**EXERCISE INSTRUCTIONS:**
Copy exactly the stretch of data below from the line with "28296 Dewberry Polo" through the line with "DF by Dearforms", including both of those lines.

**DATA RECORDS:**
----------
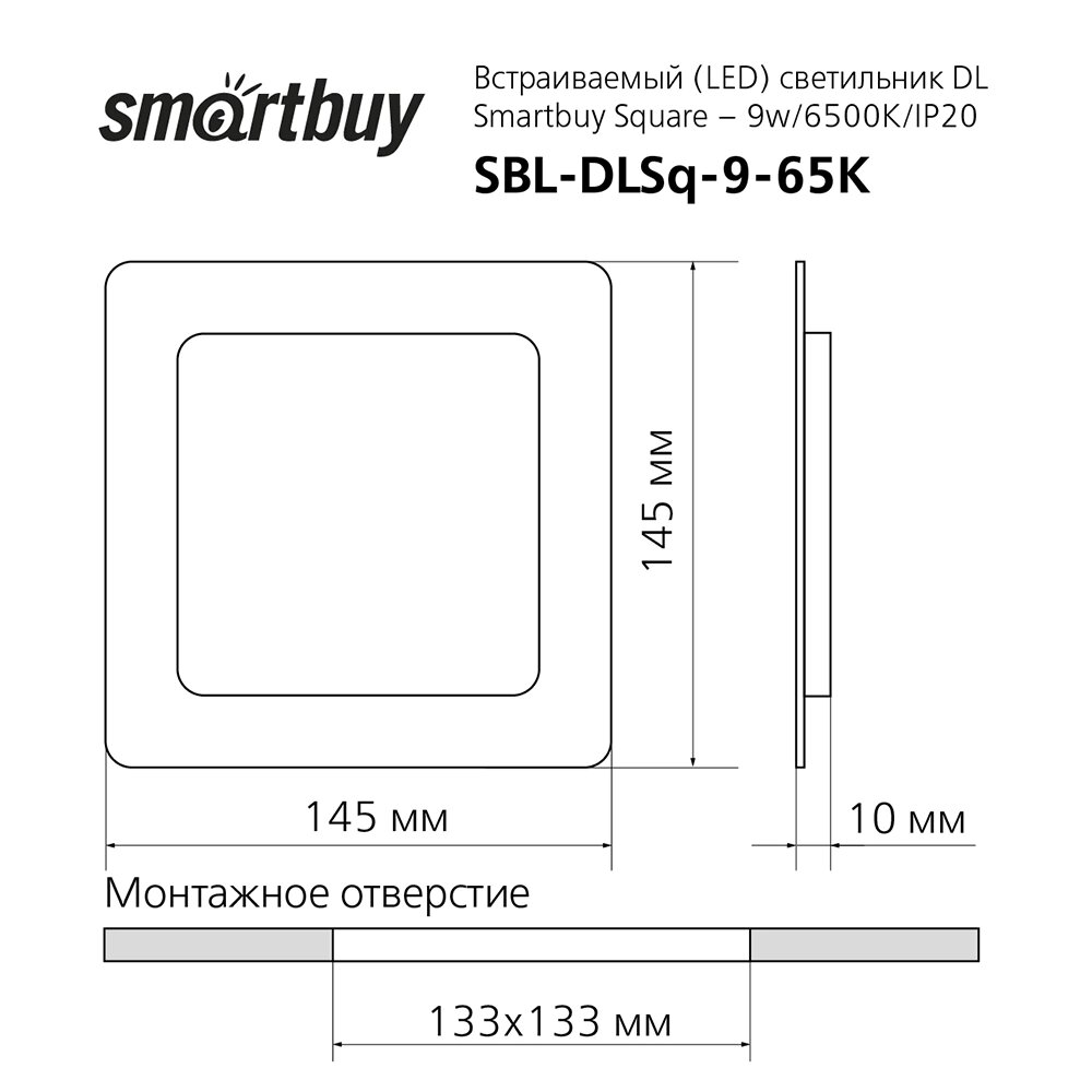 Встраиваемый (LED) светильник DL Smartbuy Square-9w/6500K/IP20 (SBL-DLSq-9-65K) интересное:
----------
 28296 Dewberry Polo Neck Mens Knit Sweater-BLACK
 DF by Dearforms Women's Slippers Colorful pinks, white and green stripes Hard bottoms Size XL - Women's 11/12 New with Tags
----------
**TASK SOLUTION:**
 28296 Dewberry Polo Neck Mens Knit Sweater-BLACK
 DF by Dearforms Women's Slippers Colorful pinks, white and green stripes Hard bottoms Size XL - Women's 11/12 New with Tags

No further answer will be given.